Figure 2 also presents the estimated true number of actively infected and quarantined cases by each day in the observation period (dotted red line) and its respective official number (solid red line). The former is computed by our method, which estimates the actual number of actively infected cases who are quarantined effectively, whereas the latter typically counts those actively infected and currently quarantined at hospitals. By March 5, 2020, our estimated true number of actively infected and quarantined cases was 44,778 [95% CI 24,049–112,697] whereas its official counterpart was 20,049. The gap between these two curves represents the number of actively infected people who are effectively quarantined but fail to be included in the government statistics. Many of these infected people could not be tested or officially admitted to hospital, but nevertheless conducted effective selfquarantine at home or other isolated places.
The last curve in the figure shows the estimated true number of actively infected but not quarantined cases by each day in the observation period (dotted black line). It refers to the number of actively infected people who are not quarantined at all (e.g., nonsymptomatic infected cases14) or not quarantined effectively (i.e., still being able to infect others). These infected people were not recorded by government reports either. Hence, we do not have the official number of actively infected but not quarantined cases. As shown, the estimated true number of actively infected but not quarantined cases peaked on February 7, 2020 (55,139 [95% CI 24,204–118,273]) and then started to decline. This decline was due to the operation of a number of new hospitals and a major COVID- 19 testing facility. 25 As a result, many of those actively infected but not quarantined got tested and hospitalized.
Evolution of the effective reproduction number
Figure 3 plots the evolution of the effective reproduction number R in Wuhan from January 19, 2020 to February 24, 2020, with the shaded area representing the 95% credible interval. As discussed in the Method section, R is estimated using a rolling-window approach with 10-day window size. Therefore, R of day t indicates the transmissibility of COVID-19 in Wuhan over the time window of [t,t + 10]. Three major government measures illustrated in the figure include Wuhan lockdown effective January 23, 2020, which stopped all innercity and inter-city public transportations, vehicle ban effective January 26, 2020, which suspended all nonessential taxi, ride-hailing operation and private vehicle services, and large scale hospitalization beginning on February 5, 2020, which tested and hospitalized a large number of infected people due to added testing and treatment capacities. As shown in the figure, R of January 19, 2020 was 3.11 [95% CI 2.93–3.40]. It then climbed up and attained its maximum on January 24, 2020, which was 3.42 [95% CI 3.34–3.50]. This initial surge could be partly attributed to increased gathering and friend visiting during the period of the Chinese Spring Festival. The effective reproduction number R declined from January 24, 2020. This could be due to the two government measures that suspended transportation in Wuhan and subsequently reduced the average contact rate among Wuhan residents. The large scale hospitalization started on February 5 further reduced R and it became less than 1 from February 7, 2020 (0.76 [95% CI 0.65–0.92]).
Under-reporting factor
A key feature of our method is an attempt to recover true numbers of infections from their respective official numbers reported by the government. This is done by introducing transformation functions with under-reporting factors, and calibrating them via a Bayesian estimation approach, which is discussed in detail in the Method section. Figure 4 shows the dynamics of the under-reporting factor a for the period between January 19, 2020 and February 24, 2020. Note that a is the ratio of the official daily increased number of infected and quarantined cases to its respective true number. Like R, a is also estimated using a rolling-window approach and a of day t denotes the under-reporting ratio over the time window of [t,t + 10].

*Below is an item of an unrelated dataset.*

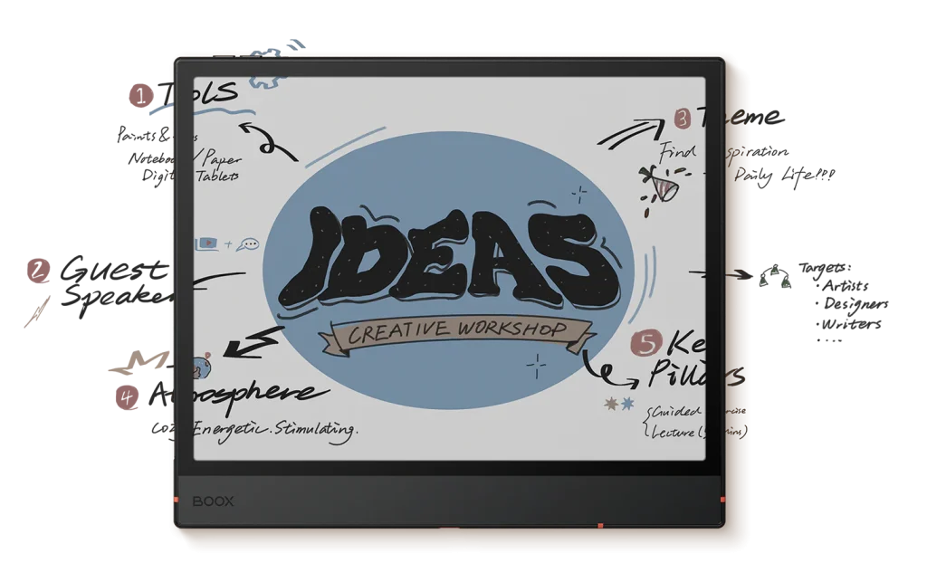 أطلق العنان للفنان الكامن بداخلك مع قلم BOOX Pen3. بفضل تصميم الكتابة اليدوية المُحسّن لجهاز Note Air5 C، يوفر تجربة رسم وتخطيط أكثر واقعية مع احتكاك ومقاومة كافية.

Estimated and official numbers of infections in Wuhan. We plot true numbers of infections estimated by our method in dotted lines and official numbers of infections in solid lines. The dotted blue line presents the estimated true cumulative number of infected cases or the outbreak size, whereas its respective official number is given in the solid blue line (blue). The estimated outbreak size in Wuhan by March 5, 2020 was 124,506 [95% CI 69,526-265,113]. The dotted red line gives the estimated true number of actively infected and quarantined cases, whereas its official counterpart is given in the solid red line (red). The estimated true number of actively infected but not quarantined cases is given in the dotted black line (black).
Figure 4 plots a of Wuhan in a solid black line, with the shaded area representing the 95% credible interval. As shown, a of January 19, 2020 was 0.28 [95% CI 0.14–0.73], indicating that official daily increased numbers of infected and quarantined cases over the window of January 19, 2020 to January 29, 2020 were on average 28% of their respective true numbers. The under-reporting factor of Wuhan gradually increased over time. For example, the under- reporting ratio over the window of January 29, 2020 to February 8, 2020 was 0.55 [95% CI 0.20–0.99] and that over the window of February 15, 2020 to February 25, 2020 was 0.94 [95% CI 0.43–0.99]. The evolution of a in Wuhan is in alignment with the reality. Due to insufficient testing and treatment capacities at the beginning of the observation period, many infected people were not tested or hospitalized hence not on government statistics. Through the addition of testing and treatment facilities, more infected people got tested and hospitalized, thereby increasing the under-reporting factor. Figure 4 also presents the under-reporting factor of Shanghai and Beijing in a solid blue line and a solid green line, respectively. Clearly, all three cities underreported the actual number of quarantined cases at the beginning. While Shanghai and Beijing improved the reporting accuracy quickly, Wuhan did not catch up until the end of period. This result is consistent with the fact that Wuhan experienced explosive number of COVID-19 infections in contrast to the other two cities. But it did not have sufficient medical resources and hospital capacity to test and treat all the infected cases. The discrepancies between true and official numbers of infections in Figure 4 imply that a data transformation approach, such as the one proposed in this paper, is necessary before estimating the epidemiological parameters of the COVID- 19 outbreak in Wuhan.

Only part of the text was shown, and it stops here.